The Muskego Police and Fire Commission was to interview four candidates on Tuesday, Nov. 15, and was likely to choose Moser's successor that night, said Michael Kuwitzky, commission chairman. That is after the Now press deadline, so watch for a story online.
All four candidates are already members of the department. The Muskego Police Department has a tradition of hiring from within.
"They are home-grown in the department," Kuwitzky said. "We're big believers in that,
"The department has a methodology that has served the community well and the commission wants that to remain strong."
The Muskego Police Department hasn't had the problems other departments have had, said Kuwitzky, who credited law enforcement leadership being honed locally through years of service.
All four candidates for chief are highly qualified, all having been with the department for a number of years, having been associated with the FBI academy and having taken advantage of other training opportunities, Kuwitzky said.
Most have more than 20 years in management positions, he said.
"They know every facet of the department inside and out," he said.
Police and fire commission member and former alderman Rob Glaiser said, "It'll be a challenging enterprise" to pick just one.
Chief since 2013
Moser was sworn in as chief in January 2013.

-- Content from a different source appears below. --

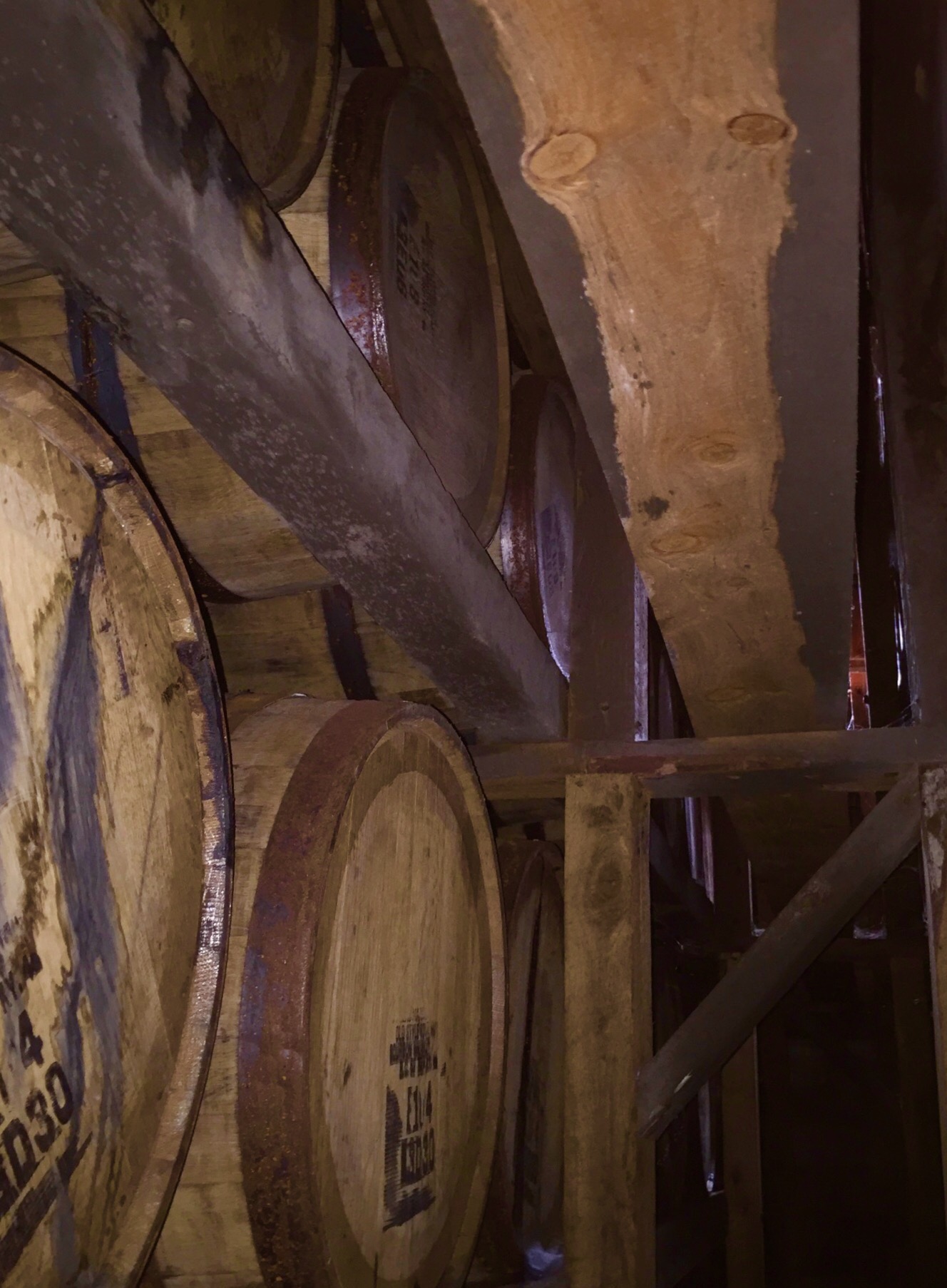 There was a campus of at least 20 giant, chocolate brown rackhouses in front of us, with more under construction! I guess if a company ages their product for an average of 6 years, they have to store a lot of barrels! Very impressive.

Asked if the commission would look for a new chief with more years ahead of him before retirement, Kuwitzky said probably not. That's because it takes a long time for candidates to have enough background to even be considered, he said.
To be eligible, they must have a college degree and at least 10 years in management positions with the department, he said.
There are younger members of the department with college degrees, many with more than one, but they don't have the required management experience, Kuwitzky said.
Beyond that baseline, Glaiser said the commission looks at qualifications, the candidate's vision for the department and evaluation of where it needs to grow.
Kuwitzky applauded Moser as an example of how well the system works.
"His whole career has been exemplary," Kuwitzky said.
Moser, who started with Muskego as a patrolman, was a captain with 27 years in law enforcement when he was chosen chief. He was named captain in 2007 and oversaw the services division and the detective bureau.
His priorities when he took over as chief included increasing community involvement and drug education for parents to try to combat the growing drug problem.
Kuwtizky said he has known the retiring chief since 1995 and said, "I've seen his career blossom."
"He's been an outstanding chief," Kuwitzky said.